Industrial and construction supply giant Fastenal on Wednesday reported sharply higher sales in its latest fiscal quarter.
But the numbers reportedly fell below what analysts expected for the Winona, Minnesota, distributor.
The company reported $1.78 billion in net sales in the latest reporting period, up 18% from the $1.5 billion reported in the second quarter of last year but slightly behind what Wall Street had projected. Shares of Fastenal stock fell more than 5% in premarket trading Wednesday morning.
The company’s net earnings, meanwhile, matched expectations at just more than $287 million, up nearly 20% from the same period in 2021.
Fastenal officials said the company saw continued growth in demand for manufacturing and construction equipment. The company said daily sales to manufacturing customers were up 23% in the latest quarter, while sales to non-residential construction customers climbed nearly 11% per day over that span.

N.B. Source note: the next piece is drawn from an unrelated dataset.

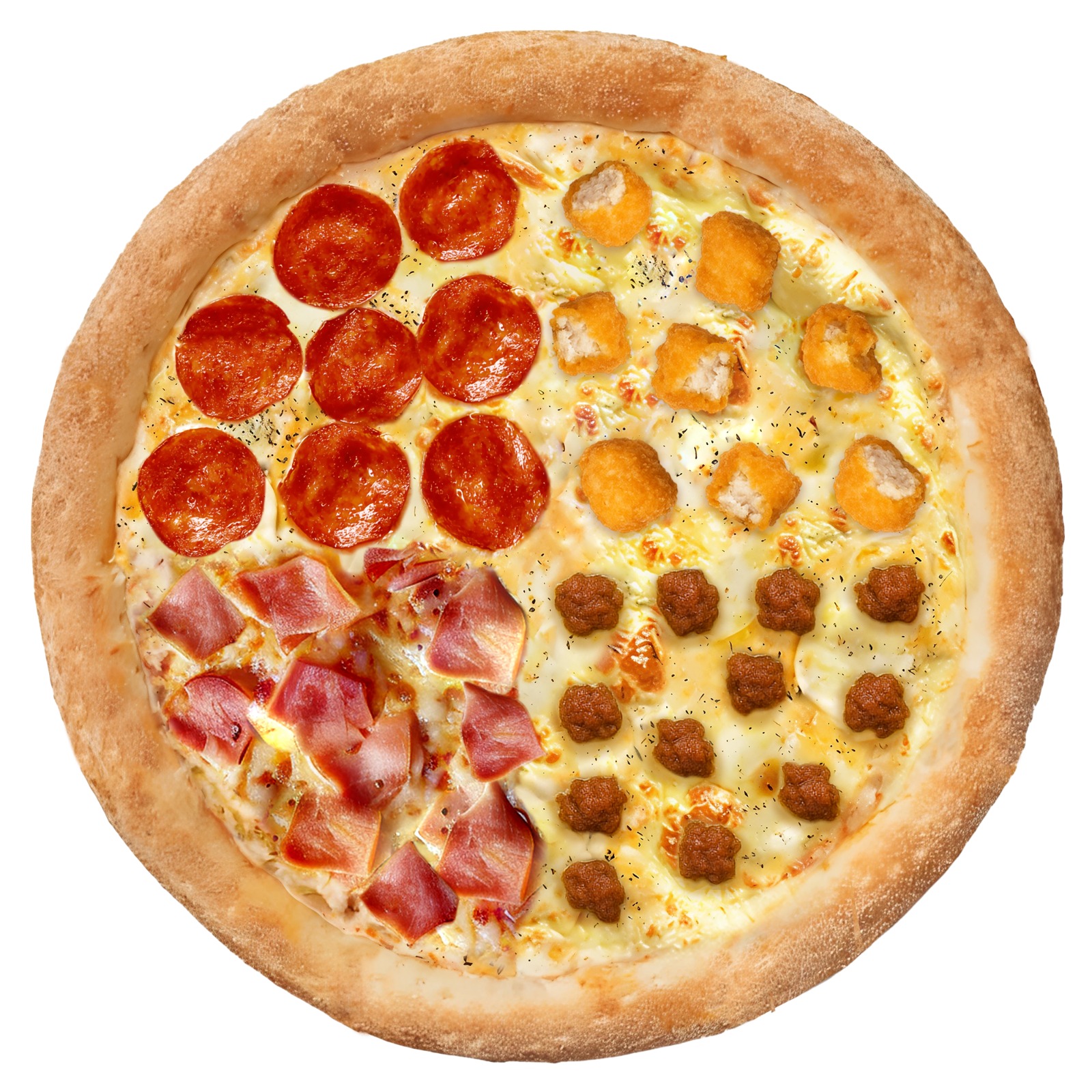 Pepperoni, hamburguesa, jamón inglés y pollo crujiente. Pizza solo para verdaderos carnívoros.

Sales of fasteners jumped more than 21% in the most recent window; sales of the company’s safety products climbed nearly 14%. All other products increased daily sales by 17%.
The company said product pricing had an overall impact of 660 to 690 basis points compared to the previous second fiscal quarter, which officials attributed to efforts to mitigate the impact of inflation. Foreign exchange rates hampered sales by some 50 basis points, while costs for fuel, transportation services, plastics and key metals were “elevated but stable.”
“We did not take any broad price increases in the second quarter of 2022, but benefited from carryover from actions taken in the first quarter of 2022, the timing of opportunities with national account contracts, and tactical, SKU-level adjustments,” the company said in a statement.
Fastenal said it opened two new branches in the latest quarter and closed 25 — which the company attributed to “normal churn” — while it closed 20 on-site locations and activated 81 new ones. The company’s total full-time employee headcount increased by more than 1,200 in the latest three-month window.